## MATERIALS PROVIDED
▼
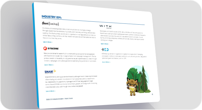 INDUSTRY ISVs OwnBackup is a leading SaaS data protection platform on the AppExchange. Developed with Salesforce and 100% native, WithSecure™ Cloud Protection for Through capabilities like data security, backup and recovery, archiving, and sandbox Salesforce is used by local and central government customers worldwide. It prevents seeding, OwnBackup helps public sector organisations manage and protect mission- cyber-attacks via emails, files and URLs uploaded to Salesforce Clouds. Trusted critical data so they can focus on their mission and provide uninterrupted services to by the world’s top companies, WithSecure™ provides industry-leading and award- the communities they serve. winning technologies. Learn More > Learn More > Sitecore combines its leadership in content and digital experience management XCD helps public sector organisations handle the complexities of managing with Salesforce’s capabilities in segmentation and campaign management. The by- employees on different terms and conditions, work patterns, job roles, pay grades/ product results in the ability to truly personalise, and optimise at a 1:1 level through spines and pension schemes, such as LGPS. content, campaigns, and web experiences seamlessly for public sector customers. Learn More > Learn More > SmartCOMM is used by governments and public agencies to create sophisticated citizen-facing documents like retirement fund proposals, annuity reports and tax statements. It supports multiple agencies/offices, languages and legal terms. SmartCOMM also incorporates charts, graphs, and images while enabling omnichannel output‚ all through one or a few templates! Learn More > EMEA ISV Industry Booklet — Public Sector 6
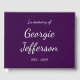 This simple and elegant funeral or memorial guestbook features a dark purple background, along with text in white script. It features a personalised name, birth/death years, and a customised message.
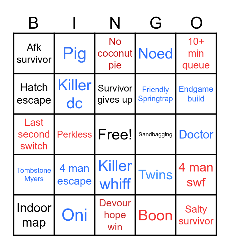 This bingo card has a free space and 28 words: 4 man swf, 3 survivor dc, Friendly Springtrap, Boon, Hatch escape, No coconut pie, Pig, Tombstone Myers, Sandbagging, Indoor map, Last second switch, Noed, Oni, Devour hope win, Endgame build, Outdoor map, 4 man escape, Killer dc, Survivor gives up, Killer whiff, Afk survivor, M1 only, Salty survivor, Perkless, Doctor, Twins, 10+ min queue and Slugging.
▲
▼
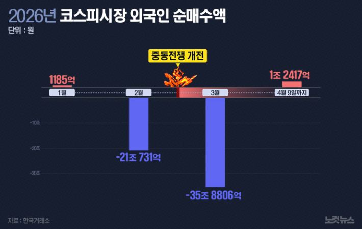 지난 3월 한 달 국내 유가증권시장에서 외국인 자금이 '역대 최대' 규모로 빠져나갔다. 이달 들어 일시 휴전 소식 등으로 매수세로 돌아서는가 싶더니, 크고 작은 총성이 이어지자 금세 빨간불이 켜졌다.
▲
## ABOUT THIS EXERCISE
From the entries above, copy exactly the lines starting at the one with "This simple and" and stopping at the one with "This bingo card", keeping both ends. Drop the pictures.

## THE ANSWER
 This simple and elegant funeral or memorial guestbook features a dark purple background, along with text in white script. It features a personalised name, birth/death years, and a customised message.
 This bingo card has a free space and 28 words: 4 man swf, 3 survivor dc, Friendly Springtrap, Boon, Hatch escape, No coconut pie, Pig, Tombstone Myers, Sandbagging, Indoor map, Last second switch, Noed, Oni, Devour hope win, Endgame build, Outdoor map, 4 man escape, Killer dc, Survivor gives up, Killer whiff, Afk survivor, M1 only, Salty survivor, Perkless, Doctor, Twins, 10+ min queue and Slugging.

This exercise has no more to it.